You can contact me at email@example.com.
- September 2018: After a long time my work on bandit algorithms that are simultaneously minimax optimal, asymptotically optimal and never worse than UCB is published in JMLR. Thanks to the many reviewers that helped with this project! Although it does not exactly deprecate the two previous tech reports, this version is much more polished.
- August 2018: Here are the slides from my talk on bandits and exploration at the RL summer school. Huge thanks to all the organisers of this event.
- July 2018: Csaba and I have released the first draft of the bandit book. You can download the pdf here. Of course we would love your feedback!
- June 2018: Branislav, Shuai, Csaba and I have a new paper on stochastic ranking. The setup generalizes many previous stochastic models and the guarantees are both simpler to prove and stronger than comparably generic results.
- May 2018: While finishing the last few chapters of the book Csaba and I have been working on simplifying and improving the algorithms for adversarial partial monitoring. We prove a variety of new results, the most notable of which is a new algorithm and analysis that completes the classification of all finite adversarial partial monitoring games. Missing from the literature was the issue of dealing with so-called easy ‘degenerate’ games that include some actions that can never be uniquely optimal, but may provide crucial information. Besides this we make some headway towards understanding the dependence of the regret on quantities beyond the horizon. The preprint is now available on arxiv.
- February 2018: Csaba and I gave a tutorial on bandits at AAAI. Here are the slides (part1, part2).
- December 2017: Together with Joel Veness, Avishkar Bhoopchand, Agnieszka Grabska-Barwinska, Christopher Mattern and Peter Toth we have released a preliminary paper on a architecture based on a network of geometric mixers, all trained on the target. The long paper includes preliminary empirical results and theory, but there is a lot of potential to investigate different aspects of this model and various extensions. We hope you try it out. Also, I am enjoying the sun at NIPS.
- September 2017: A paper with Christoph Dann and Emma Brunskill was accepted for a spotlight at NIPS. There are a lot of things in this paper, but a highlight is a strengthening of the PAC-RL framework for episodic RL that allows one to prove PAC and regret guarantees simultaneously for the same algorithm. If you’re interested in these kinds of results, then the recent ICML paper by my colleagues at DeepMind explores very similar ideas. Finally, the aforementioned scale-free bandit paper was also accepted at NIPS.

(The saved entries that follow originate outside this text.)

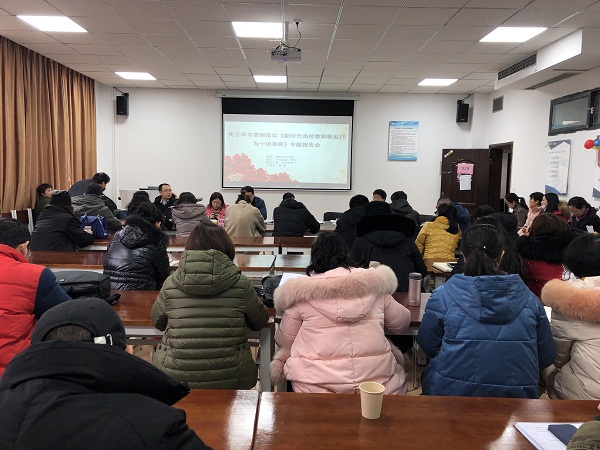 1月8日下午,公司在明德楼三楼普惠金融工作室召开专题会议,学习教育部《新时代高校教师职业行为十项准则》,进一步加强与推进公司师德师风建设。党总支书记徐梅,副经理杨杨,副书唐文杰,副经理邹晓峰,时宏远,候超惠出席了会议,全院教职员工参加了会议。会议由杨杨主持。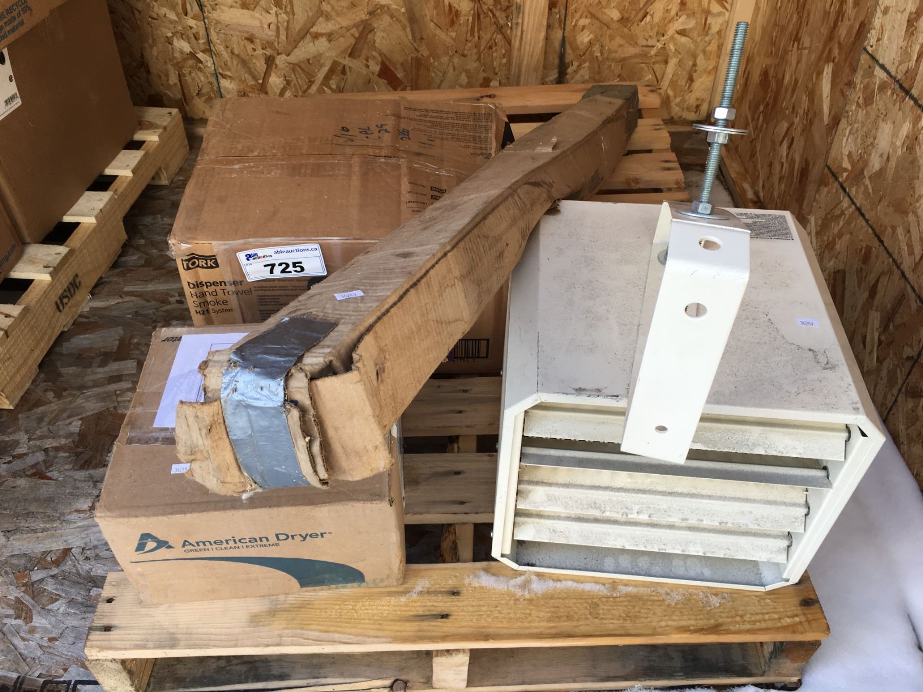 PALLET LOT OF ASSORTED COMMERCIAL BATHROOM ACCESSORIES- SOAP DISPENSER/HAND TOWEL DISPENSER/ AUTOMATIC DRIER & ELECTRIC HEATER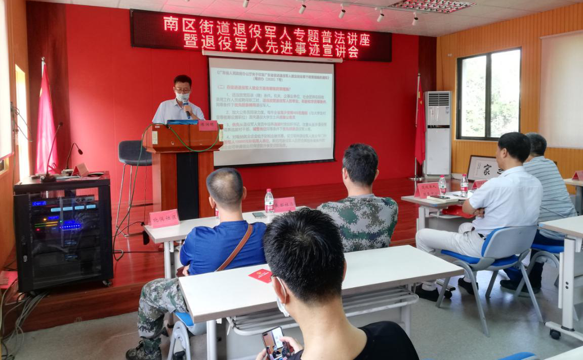 活動邀請南區(qū)街道駐點律師陳潤明現(xiàn)場授課,講解《退役軍人保障法》《民法典》《退役士兵安置條例》等法律法規(guī),對其中涉及的退役安置、就業(yè)創(chuàng)業(yè)、撫恤優(yōu)待、服務管理和法律責任等內容進行了深入講解,切實展現(xiàn)尊法、學法、知法、用法的良好氛圍。

- August 2017: Laurent Orseau, Shane Legg and I recently re-visited the prediction with experts advice framework with linear mixture predictors and the log loss. The main observation is that the regret of the classical efficient algorithm “exponential gradients” can be very poor if the gradients get large. We show that these issues do not occur for the Prod algorithm in this setting, which besides has some tantalizing “pseudo-Bayesian” interpretations that we do not fully understand yet. The paper will appear at ALT this year.

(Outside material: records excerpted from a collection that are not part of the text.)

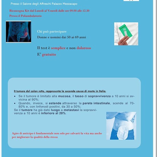 L'amministrazione guidata dal Sindaco Antonio Capone ha deciso di supportare questa nuova attività di prevenzione ospitando la giornata dedicata allo screening gratuito del tumore del colon retto, che si terrà domenica 26 ottobre, dalle ore 10.00 alle ore 13.00, presso il Salone degli Affreschi di Palazzo Mezzacapo, dove sarà possibile ritirare in maniera del tutto gratuita il kit per il test da fare con tranquillità a casa. Il test è semplice, non invasivo, un piccolo gesto che può fare una grande differenza.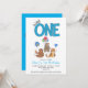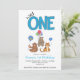 野生の1つのパーティー動物のバルーンと青で招待。テンプレートを使用してパーティー詳細を編集する。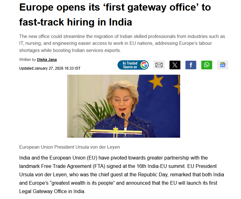 The EU will be getting all the high skilled Indian labor, the US will be left in the stone age. It's good we are finally moving away from the US to embrace India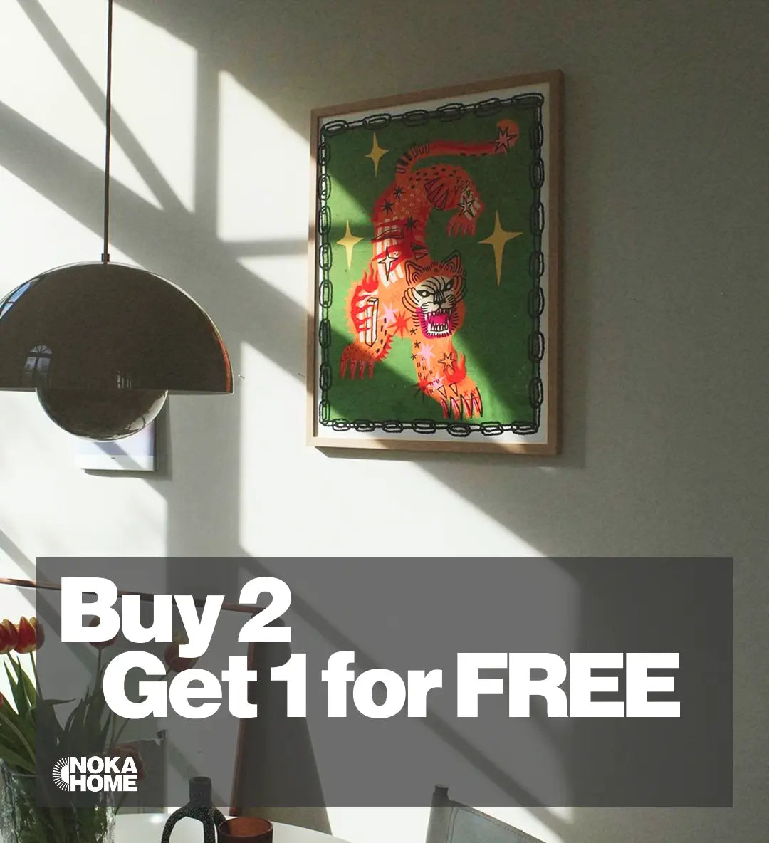 Just add any 3 posters you love to your cart and the discount will be applied automatically at checkout - the poster with the lowest price will become FREE.

- April 2017: Happy to have started at DeepMind in London.
- March 2017: I don’t know of any bandit algorithms for non-parametric noise models that don’t depend on advance knowledge of the scale of the noise (eg., subgaussian constant or variance or support). By generalising the ideas in Seb’s paper on bandits with heavy tails, it’s possible to derive an algorithm that only needs advance knowledge of a bound on the kurtosis of the noise, which roughly measure the propensity for outliers and is scale and shift invariant. You can download the preprint here. In other news, the AISTATS paper got an oral. Csaba will be there to give a great talk!
- February 2017: The paper with Csaba on the asymptotic regret for linear bandits was accepted at AISTATS.

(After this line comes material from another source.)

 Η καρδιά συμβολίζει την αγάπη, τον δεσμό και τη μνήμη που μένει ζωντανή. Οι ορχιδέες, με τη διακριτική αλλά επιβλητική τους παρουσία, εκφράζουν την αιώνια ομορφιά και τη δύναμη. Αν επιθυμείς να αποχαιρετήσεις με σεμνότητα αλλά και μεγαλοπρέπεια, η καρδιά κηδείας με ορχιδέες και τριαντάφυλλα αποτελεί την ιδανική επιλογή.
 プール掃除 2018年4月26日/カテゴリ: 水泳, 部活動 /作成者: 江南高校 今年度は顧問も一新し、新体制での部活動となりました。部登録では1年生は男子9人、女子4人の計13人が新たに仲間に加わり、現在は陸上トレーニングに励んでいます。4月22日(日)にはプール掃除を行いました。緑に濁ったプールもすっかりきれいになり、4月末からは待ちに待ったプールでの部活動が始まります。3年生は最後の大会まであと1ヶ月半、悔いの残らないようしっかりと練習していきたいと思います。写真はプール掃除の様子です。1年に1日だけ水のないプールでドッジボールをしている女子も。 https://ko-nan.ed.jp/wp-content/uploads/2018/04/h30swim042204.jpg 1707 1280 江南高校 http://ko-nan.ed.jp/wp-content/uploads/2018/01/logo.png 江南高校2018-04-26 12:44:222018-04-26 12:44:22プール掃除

- October 2016: Csaba and I have just released a new paper on finite-armed linear bandits to the arxiv. The main result is a characterisation of the optimal achievable asymptotic regret in the sense of Lai & Robbins, including an (extraordinarily naive) algorithm that attains the optimal rate. An interesting corollary of the analysis is that strategies based on optimism or Thompson sampling can be arbitrarily far from optimal, even in very simple cases.
- September 2016: Csaba Szepesvari and I are writing a series of blog posts on bandit algorithms. The posts coincide with a course on bandits this semester at the UofA, and the same material will be used in a course at IU next semester. Eventually we plan to use the material (and the aid of the crowd) to write a book. The first post is up and you can expect about one new post per week.
- September 2016: Goodbye UoA. Hello IU! I am in Bloomington now.
- August 2016: I will be going to NIPS (four papers accepted).
- June 2016: Finnian Lattimore (who happens to be my sister), Mark Reid and I have just released a new bandit paper to the arxiv. The idea is to show that causal information can sometimes be exploited when minimising the simple regret (pure exploration).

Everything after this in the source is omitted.